## DESCRIPTION OF THE TASK
Print, exactly as they appear in the listing below, the lines from the line with "Angel Dog Heart" to the line with "The application gives", with both end lines kept.

## RECORDS FOR THIS TASK
═══

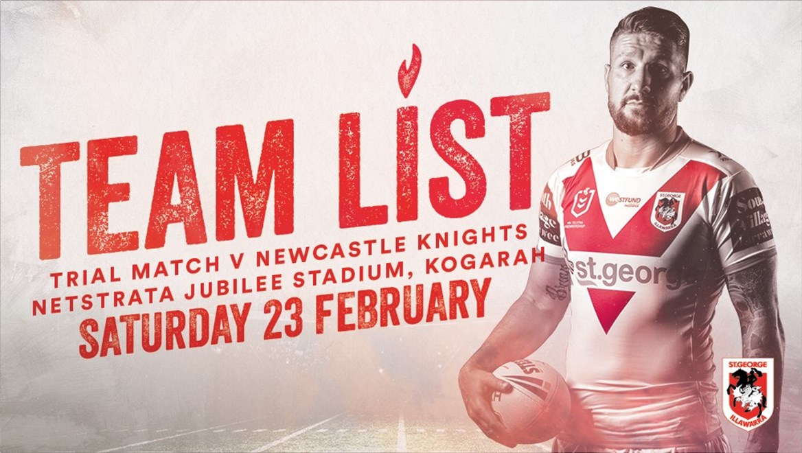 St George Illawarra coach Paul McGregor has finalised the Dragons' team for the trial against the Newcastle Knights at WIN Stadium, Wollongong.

═══

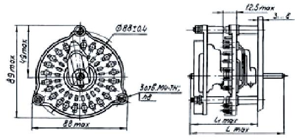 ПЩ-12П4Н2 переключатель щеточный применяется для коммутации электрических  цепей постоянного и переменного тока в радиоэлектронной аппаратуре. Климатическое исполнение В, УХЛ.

═══

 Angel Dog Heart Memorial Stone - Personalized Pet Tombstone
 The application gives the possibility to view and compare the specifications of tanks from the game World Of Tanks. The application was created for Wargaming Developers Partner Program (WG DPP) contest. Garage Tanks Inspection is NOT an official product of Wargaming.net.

═══

## REPLY TO THE TASK
 Angel Dog Heart Memorial Stone - Personalized Pet Tombstone
 The application gives the possibility to view and compare the specifications of tanks from the game World Of Tanks. The application was created for Wargaming Developers Partner Program (WG DPP) contest. Garage Tanks Inspection is NOT an official product of Wargaming.net.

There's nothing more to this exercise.